Il male maschio è una storia d’amore senza amore. Il protagonista della storia è Andrea Occasi, anestesista quarantenne, che ha una relazione con Iaia. Il loro sembra un rapporto instradato sulla routine e in quest’abitudine consolidata rientra anche la propensione di Andrea al tradimento. A un certo punto, però, la ragazza lo scopre e lo lascia. Qualche tempo dopo la fine di questa relazione sentimentale, anche un altro rapporto affettivo di Andrea terminerà: improvvisamente, sua madre muore.

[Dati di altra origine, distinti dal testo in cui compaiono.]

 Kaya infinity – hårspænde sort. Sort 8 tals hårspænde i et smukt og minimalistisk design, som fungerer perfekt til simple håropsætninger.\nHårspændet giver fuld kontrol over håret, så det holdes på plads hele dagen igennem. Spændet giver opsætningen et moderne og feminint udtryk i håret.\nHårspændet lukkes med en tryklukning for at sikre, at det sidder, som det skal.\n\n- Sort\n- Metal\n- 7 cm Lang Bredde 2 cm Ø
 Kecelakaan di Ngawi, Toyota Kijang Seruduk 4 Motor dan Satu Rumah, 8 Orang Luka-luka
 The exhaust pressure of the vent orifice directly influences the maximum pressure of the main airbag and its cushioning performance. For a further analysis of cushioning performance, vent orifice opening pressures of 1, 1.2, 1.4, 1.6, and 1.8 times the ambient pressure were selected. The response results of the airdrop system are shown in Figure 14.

Queste due perdite sembrerebbero essere compensate dall’incontro con Yaya, donna di grande fascino e mistero, per cui Andrea perde immediatamente la testa e il cui nome, curiosamente, ricorda quello della ex fidanzata, ma altre assonanze tra le due donne non se ne trovano. Le relazioni personali sono complesse, richiedono tempo e attenzioni ma, mentre in ambito lavorativo, Andrea riesce a ottenere dei risultati soddisfacenti, in campo affettivo ne raccoglie ben pochi: anestesista di mestiere, pare avere anestetizzato anche la sua capacità di amare, trincerandosi dietro al sesso per mantenere l’identità di maschio. E infatti trascorre meno tempo a coltivare attenzione e tenerezza verso i rapporti sentimentali e umani in genere che non in pratiche sessuali, masturbazione inclusa, a un livello talmente eccessivo da alimentare il sospetto che si tratti di un modo poco impegnativo per provare una qualche emozione e riempire un vuoto che, vivendo i rapporti umani così in superficie, pare inevitabile.

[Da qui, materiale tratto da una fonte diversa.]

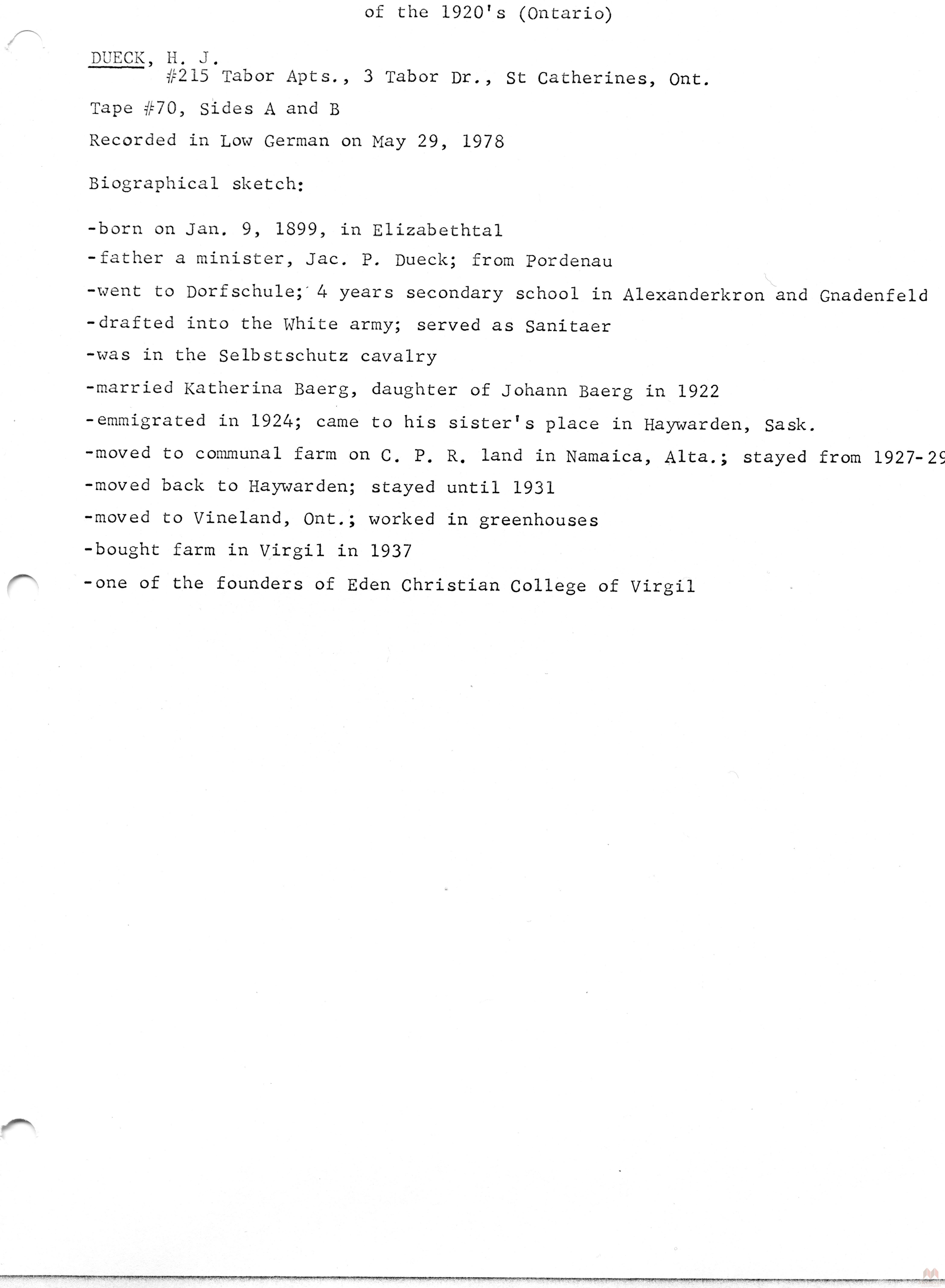 Keywords Mennonite, Russia, Russian, emigration, interview, oral, history, immigration, immigrants, Canada, Ontario, 1920s, transcript, biography, H.J. Dueck,

Quando la fidanzata lo lascia, sostituendolo tra l’altro rapidamente con un altro uomo, Andrea cerca consolazione nella figura materna. Sua mamma è una donna, al contrario del figlio, che vive appieno i sentimenti; addirittura, nonostante i tradimenti del marito da cui è separata, è ancora innamorata di lui. Dopo anni in cui era stata chiamata semplicemente col nome di battesimo, Paola, sarà solo con l’accudimento del “malato d’amore” che si conquisterà il diritto di essere chiamata mamma da suo figlio. Andrea Occasi non è una persona per cui si può provare simpatia. Oltre a essere tendenzialmente anaffettivo, insicuro, infantile, diventa anche molesto non riuscendo a trattenersi dal seguire sui social la nuova relazione di Iaia e perseguitarla con telefonate non gradite e messaggi che resteranno senza risposta.
L’arrivo di Yaya sembra portare in Andrea un interesse sincero verso una donna, un sentimento che va oltre l’appagamento sessuale nonostante lei si dimostri da subito piuttosto intransigente nel controllare i suoi spostamenti e gli chieda di abbandonare ogni tipo di frequentazione femminile, sia nella vita reale sia nella “vita virtuale”. Può sembrare strano che Andrea subisca queste imposizioni senza reagire neppure quando la situazione precipita diventando violenta anche sul piano fisico, ma questa sopportazione sembra consentirgli di espiare, in qualche modo, quanto di negativo aveva portato nelle sue precedenti storie. Le relazioni, però, non sono un’equazione matematica per cui si può aggiungere da una parte quello che si è tolto dall’altra: le colpe, gli errori non si compensano in questo modo.
Una relazione impostata male dall’inizio difficilmente si concluderà con un lieto fine. Senza troppo spoilerare il finale di questa storia, tutto fa pensare che il male non sia né maschio né femmina. Sebbene le cronache dei femminicidi (non dimentichiamo che in Italia viene uccisa, in media, una donna ogni tre giorni) lascino propendere a pensare che il male sia tipicamente maschile, bisogna fare attenzione nel non cadere nella provocazione dello scrittore che rende vittima il maschio e carnefice la femmina, facendo il tifo per Yaya; si tratta comunque di un soggetto violento che limita la libertà altrui e non si può provare simpatia neanche per lei, anche se potrebbe facilmente incarnare la figura dell’“angelo vendicatore” prendendosi in carico un atteggiamento statisticamente “maschile” di violenza fisica e psicologica. Non si risponde alla violenza con violenza, ma un buon modo per provare ad arginarla potrebbe essere quello di cercare di combattere la cultura patriarcale tipica della nostra società che si nutre appunto di violenza, possesso e prevaricazione e i cui artigli ghermiscono tutti noi.